§ DATASET RECORDS:
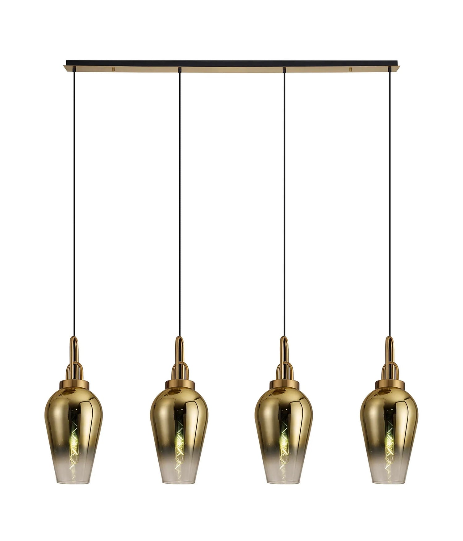 Allardyce Linear 4 Light Pendant E27 With 23cm Pear Glass, Brass Gold/Clear Brass Gold/Matt Black
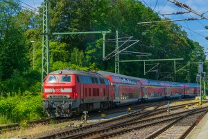 Sandwich-218er Regionalbahn von Füssen auf dem Weg nach München.
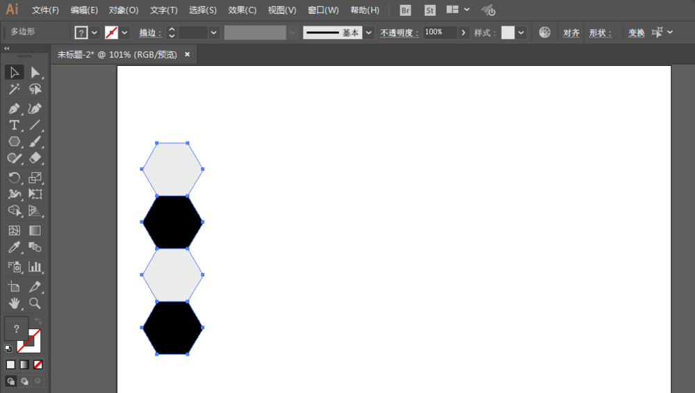 2、用多边形工具绘制一个六边形,填充为黑色。
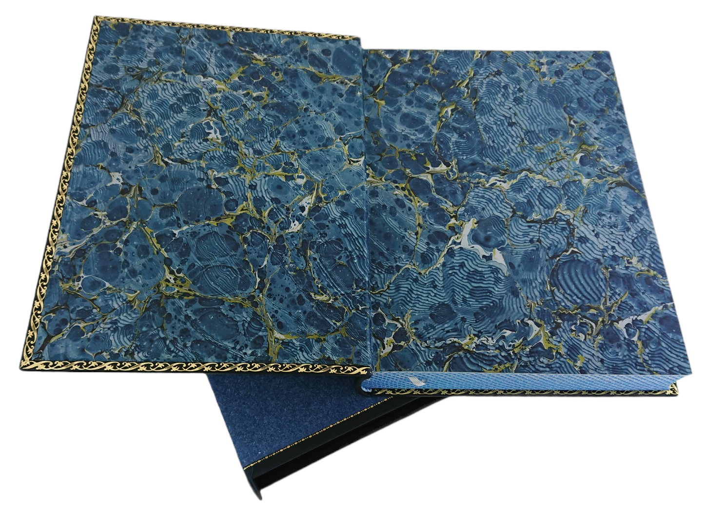 Форзац выполнен из мраморной бумаги ручного крашения;
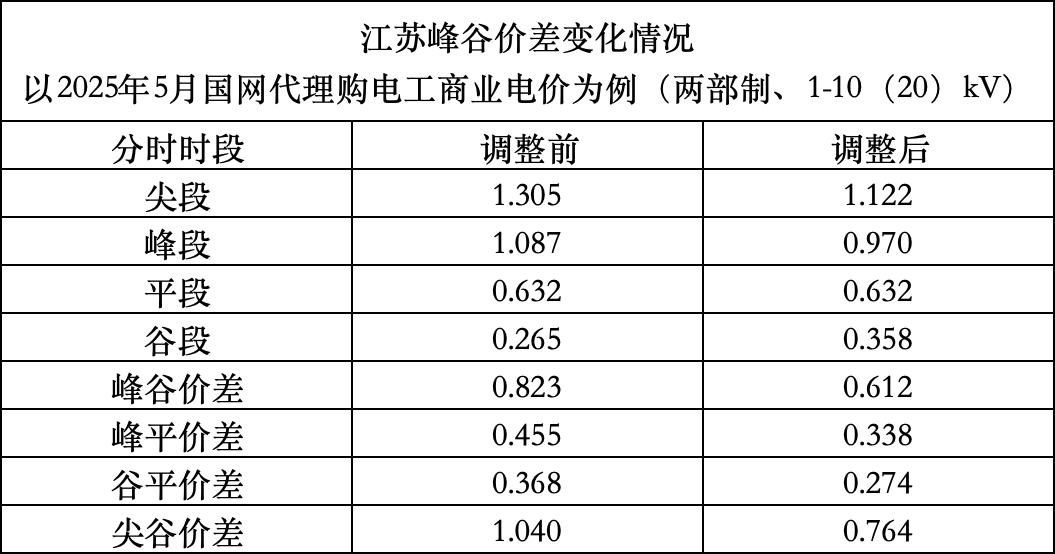 以2025年5月江蘇省1-10(20)kV代理購電工商業(yè)用戶電價為例,新政實(shí)施后,峰谷價差從調(diào)整前的0.8225元/kWh降至0.6122元/kWh,降幅高達(dá)25.57%。
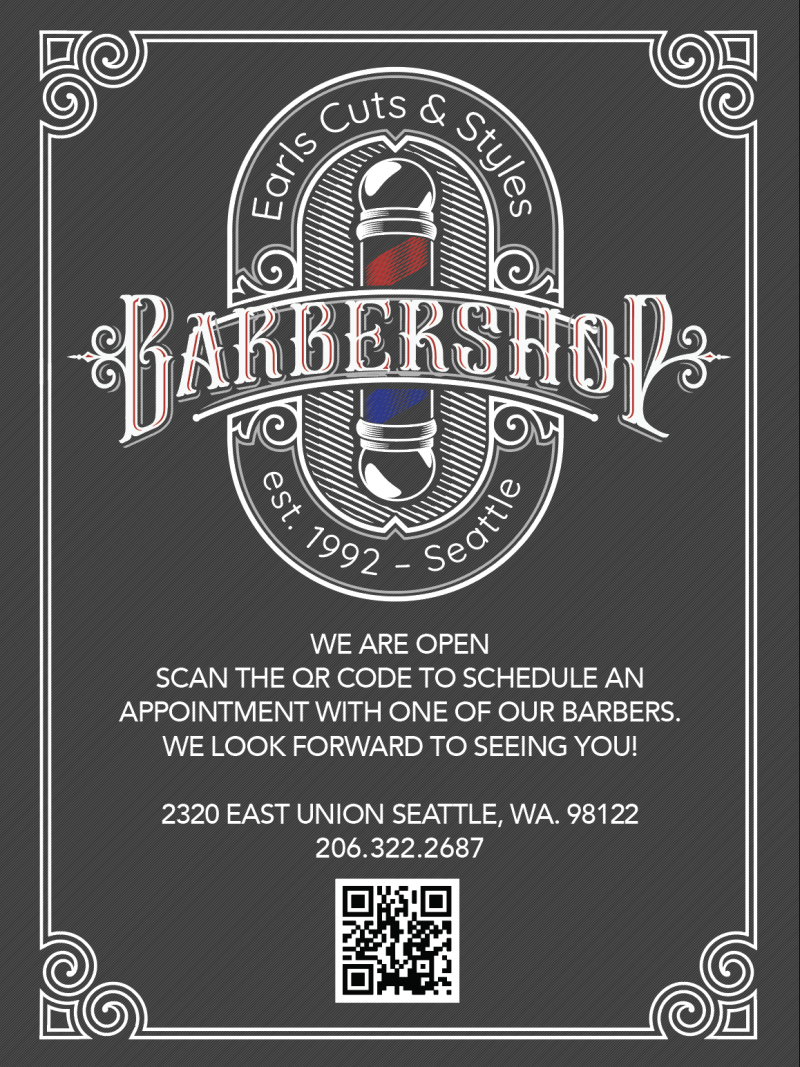 This poster for Earl’s Cuts & Styles was displayed around Seattle during COVID-19 to inform customers that the barbershop remained open. Featuring a vintage barber pole design and elegant typography, it encouraged contactless appointment booking via a QR code. This approach helped maintain business operations while ensuring safety and convenience for customers during the pandemic.
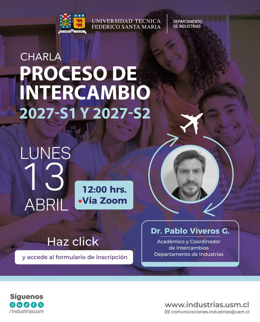 Si estás cursando Ingeniería Civil Industrial te invitamos a participar de la Charla Informativa sobre el Proceso de Intercambio Internacional que realizará el Coordinador de Intercambios del Departamento de Industrias, Dr. Pablo Viveros G., donde podrás conocer mayor información sobre el proceso, el procedimiento para convalidar las asignaturas, los documentos que debes gestionar con el Coordinador de Intercambios, entre otros.

§ WHAT IS REQUIRED:
Once you find the line that contains "This poster for", reproduce it and every line after it through the end of the entries above, exactly as written, with no pictures.

§ YOUR SOLUTION:
 This poster for Earl’s Cuts & Styles was displayed around Seattle during COVID-19 to inform customers that the barbershop remained open. Featuring a vintage barber pole design and elegant typography, it encouraged contactless appointment booking via a QR code. This approach helped maintain business operations while ensuring safety and convenience for customers during the pandemic.
 Si estás cursando Ingeniería Civil Industrial te invitamos a participar de la Charla Informativa sobre el Proceso de Intercambio Internacional que realizará el Coordinador de Intercambios del Departamento de Industrias, Dr. Pablo Viveros G., donde podrás conocer mayor información sobre el proceso, el procedimiento para convalidar las asignaturas, los documentos que debes gestionar con el Coordinador de Intercambios, entre otros.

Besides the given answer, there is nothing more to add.